The family listed for Richard Beasley in 1851 are widely scattered by 1861 – son James in the army, Elizabeth in service in London, Maria, Charlotte and Richard not to be found on Genealogy websites. The only William Beesley 1844/5 Leamington is the one we have already as “nephew”. In 1871, the only candidate for William Beasley 1844/5 is in Leamington, married, a painter and glazier. So maybe “nephew” is another error by the Census taker in 1861. Also, in 1871, Richard (widower) and daughters Elizabeth and Maria, and a son Thomas, but not William 1844/5, are living in Leamington at “cottage back” Archery Road, round the corner from the Cricketers Arms.
The next step
We were going to find out more about the Fardons.
On Googling “Fardon”, we find on Geni an immense labour of family love which suggests that the Fardons came originally from Temple Guiting, Gloucestershire, had Joshua and Emanuel as family names, were given to calling themselves by other Christian names than their own, and had a number of publicans in the family. I have to add that the family site on Geni is not wholly consistent with other sources.

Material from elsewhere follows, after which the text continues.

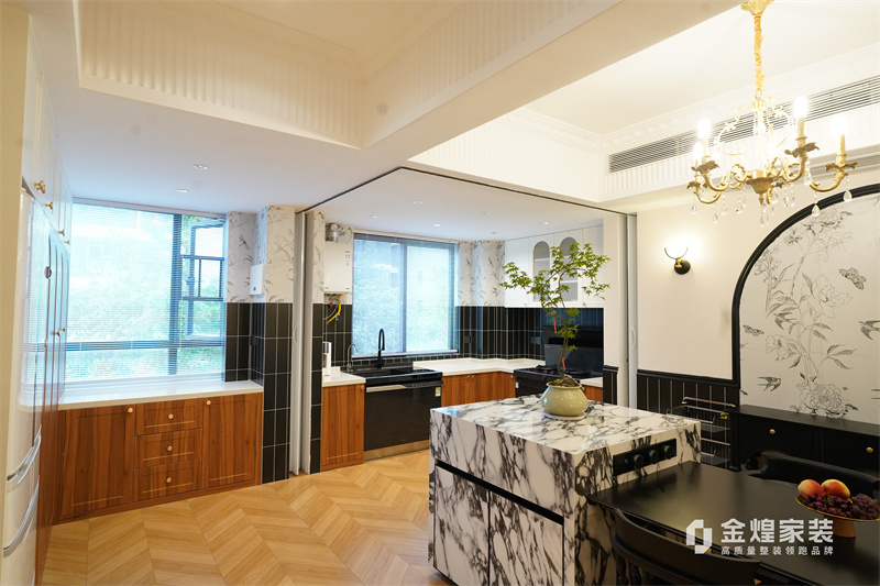 從客廳的裝飾細節可以看出,如帶有精致雕花的天花板、華麗的吊燈、優雅的家具線條以及整體柔和的色調,都透露出法式風格的浪漫與典雅。

It is possible, but not certain, that Joshua (1811) and Emanuel (1822) are cousins, the sons of brothers James and Richard Fardon. Another Fardon, Henry Fardon, lived in Leamington in 1861. He was born 1803 in Temple Guiting and died Milverton 1875. Emmanuel 1822, though, was away from Leamington in 1851, in service in Reigate, not to be found in 1861, and in 1871 in Harrow with his wife Annie and three children, including Frederick and William all identified by their ages and birthplaces.
And this is just one entry in the 1861 Census!